Edição de 21 de dezembro de 2018
21-12-2018
 

O empresário de Castro Daire que foi condenado, a cinco anos de prisão, por ter lesado o Estado em mais de dois milhões de euros negou a prática dos factos e alegou ser “uma pessoa de elevada idoneidade moral, sendo conceituado no meio social e profissional em que se insere”. Em julgamento, disse ainda ao coletivo de juízes que a sua atividade profissional permitiu “dinamizar zonas do interior, desertificadas ou em vias de o ser”.

Gumercindo Lourenço foi condenado pelo Tribunal de Viseu por fraude na obtenção de subsídio e branqueamento de capitais. No total, o arguido, por si e em representação das empresas das quais é presidente do conselho de administração, obteve indevidamente dois milhões e 292 mil euros, a título de comparticipação, pelo Turismo de Portugal.

O coletivo de juízes do Tribunal de Viseu considerou que o comportamento do empresário “sugeriu o recurso a métodos de atuação sofisticadamente cuidados e ardilosos” e “agiu voluntária e conscientemente com o propósito conseguido de retirar o dinheiro obtido de forma ilícita de qualquer relação direta com a sua origem criminosa e dissimular os proveitos económicos resultantes da prática da fraude de obtenção de subsídio, introduzindo-o na economia regular lícita”.

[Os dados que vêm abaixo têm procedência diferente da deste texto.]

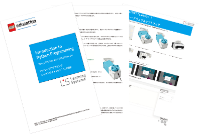 SPIKEプライムを使って、Pythonプログラミングのレッスンができる、レッスンガイドと生徒用のワークシート(Part1、Part2)を付属したセットです。Part1では、Pythonプログラミングの入門編のUnit1、モーターの使い方を学ぶUnit2、センサーの使い方を学ぶUnit3、Part2はループで繰り返し処理を学ぶUnit4、条件分岐処理を学ぶUnit5、ハードウェア、ソフトウェアのトラブルシュート(デバッグ)の方法を学ぶUnit6で構成されています。各ユニットは4~7つのレッスンで構成されており、生徒自らが考え、ハンズオン学習を通してPythonプログラミングを学ぶレッスンとなっています。先生用のレッスンガイドに加え、生徒用のワークシートも用意してあります。レッスンガイドおよびワークシートはPDFファイルをCD-ROMに収録してのご提供となります。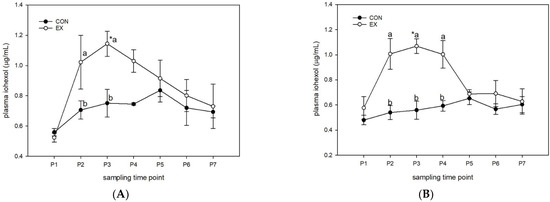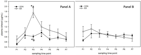 Day 0 vs. Day 28: In SED horses, plasma iohexol was significantly higher on Day 0 than on Day 28 at P3 and P5 (p = 0.04 and 0.05, respectively). There were no significant differences between Day 0 and Day 28 in EX horses (p = 0.23) (Figure 1).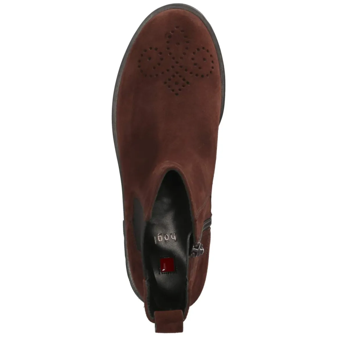 Der braune Chelsea Boot von Högl interpretiert den Klassiker mit dezenter Eleganz und funktionalen Details. Weiches Rauleder in langlebigem Echtleder trifft auf eine runde Schuhspitze und ein gelochtes Schuhdeck, das dem Obermaterial Struktur verleiht. Der 3 cm hohe Blockabsatz sorgt für entspanntes Gehen im Alltag, während die flexible, rutschhemmende Laufsohle sicheren Tritt bietet. Reißverschluss und Elastikeinsatz am Schaft erleichtern das An- und Ausziehen, unterstützt von einer praktischen Anziehlasche. Innen verwöhnt eine Lederdecksohle mit gepolstertem Fußbett, der verstärkte Zehen- und Fersenbereich erhöht die Formstabilität. Das Modell fällt normal aus und richtet sich an erwachsene Damen, die Wert auf Komfort und Wertigkeit legen. Modetipp: Zu einer verkürzten Straight-Leg-Jeans und einem wolligen Camel-Mantel entfalten die Boots ihre zeitlose Wirkung.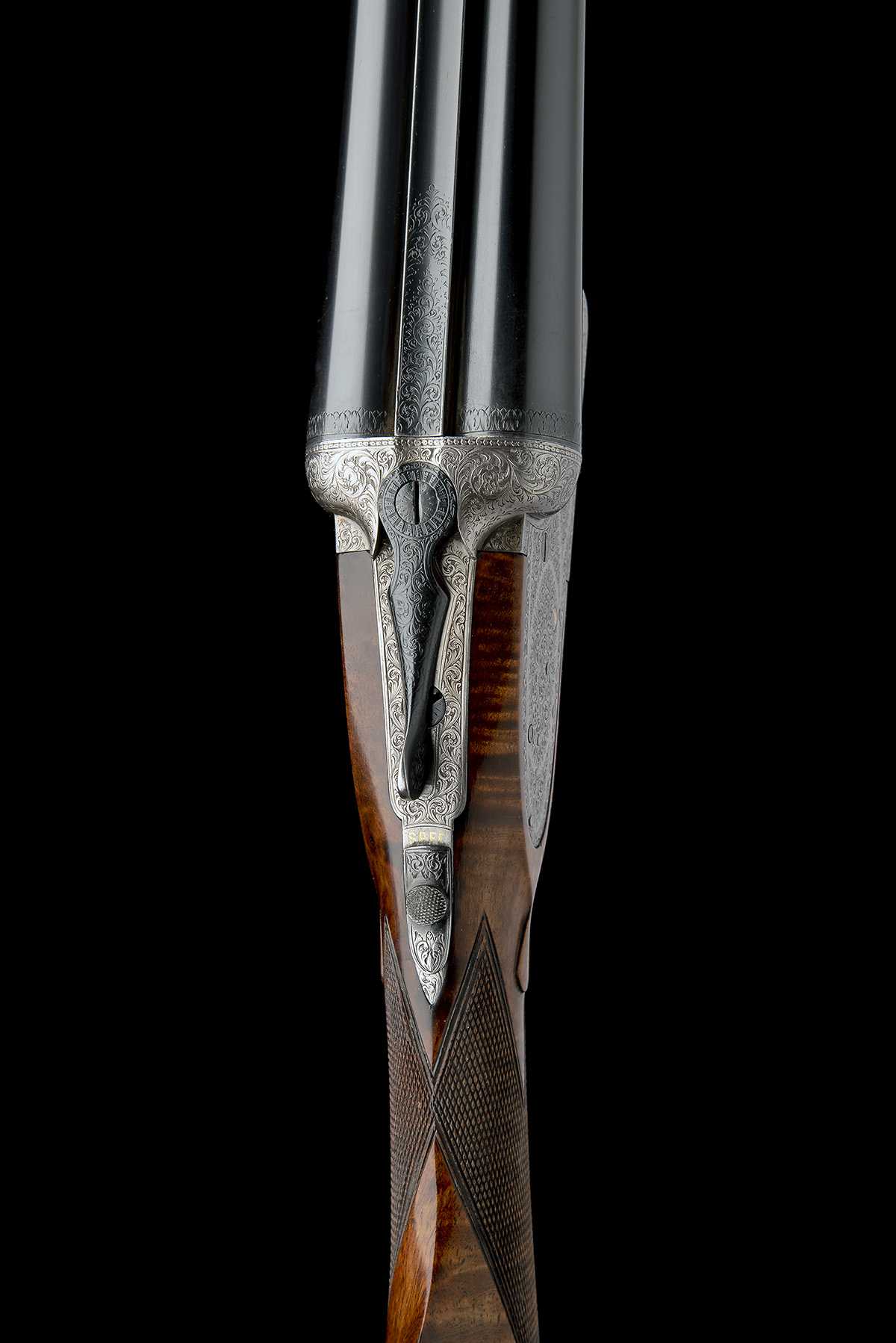 circa 1903, 30in. nitro reproved chopperlump barrels, the rib re-engraved 'P. KNIGHT. CARRINGTON ST. NOTTINGHAM', and with acanthus scroll detailing at the breech end, 2 1/2in. chambers, bored approx. true cyl. and 1/2 choke, some pitting, automatic safety with gold-inlaid 'SAFE' detail, gold-inlaid cocking-indicators, bold acanthus scroll engraving, brushed bright finish, 14 1/4in. replacement stock, weight 6lb. 12oz.

Factos que o empresário nega. Uma vez mais, em sede do julgamento, Gumercindo Lourenço frisou que no âmbito da sua atividade abriu “centenas de postos de trabalho”, o que mais uma vez lhe valeu o “reconhecimento dos co-cidadãos, sendo cidadão honorário dos concelhos de Penafiel e de Penamacor”.

Presidente da Junta e empresário

Contou ter iniciado a sua atividade laboral aos nove anos e que em 1964 rumou para França, onde permaneceu durante 13 anos, durante nove a trabalhar como operador geofísico em pesquisa de petróleo, tendo “granjeado elevada consideração” entre a comunidade emigrante. Disse ainda que em 1979 aceitou o convite de Mário Soares para investir em Portugal e regressou tendo iniciado uma nova vida. Foi eleito presidente da Junta de Freguesia de Mamouros e representante da Junta de Freguesia do Concelho de Castro Daire na Assembleia Distrital de Viseu, tendo pedido a suspensão do mandato de presidente de Junta para “assegurar à família um futuro estável”, tendo constituído com a mulher a empresa Oliveira & Marques, Lda, actualmente designada por Montalvia Construtora.

Lembrou que a partir de 1995 até ao presente, no seio do grupo empresarial criado para o efeito, edificou ou construiu nove unidades hoteleiras. No início do julgamento, Gumercindo Lourenço afirmou que não correspondia à realidade o que consta da acusação porque o que estava em causa no contrato era um empréstimo a 10 anos e não a atribuição de um subsídio a fundo perdido. Disse ainda que o ajuste não foi direto pois houve cinco empresas consultadas e a Montalvia apresentou a obra mais barata e não precisava das Terras Serranas para nada porque tinha quatro milhões de euros em caixa.

Em últimas declarações referiu que se sente triste por ter a 4.ª classe, que nunca pensou que ia ter “chatices” e que não praticou factos que possam ser considerados crime. “Virtudes” que não afetaram a decisão do coletivo de juízes. Na leitura da sentença e que consta do acórdão, ficou referenciado que o “quase silêncio do arguido em julgamento” não o beneficiou, antes evidenciou a “falta de colaboração prestada e a ausência de arrependimento”.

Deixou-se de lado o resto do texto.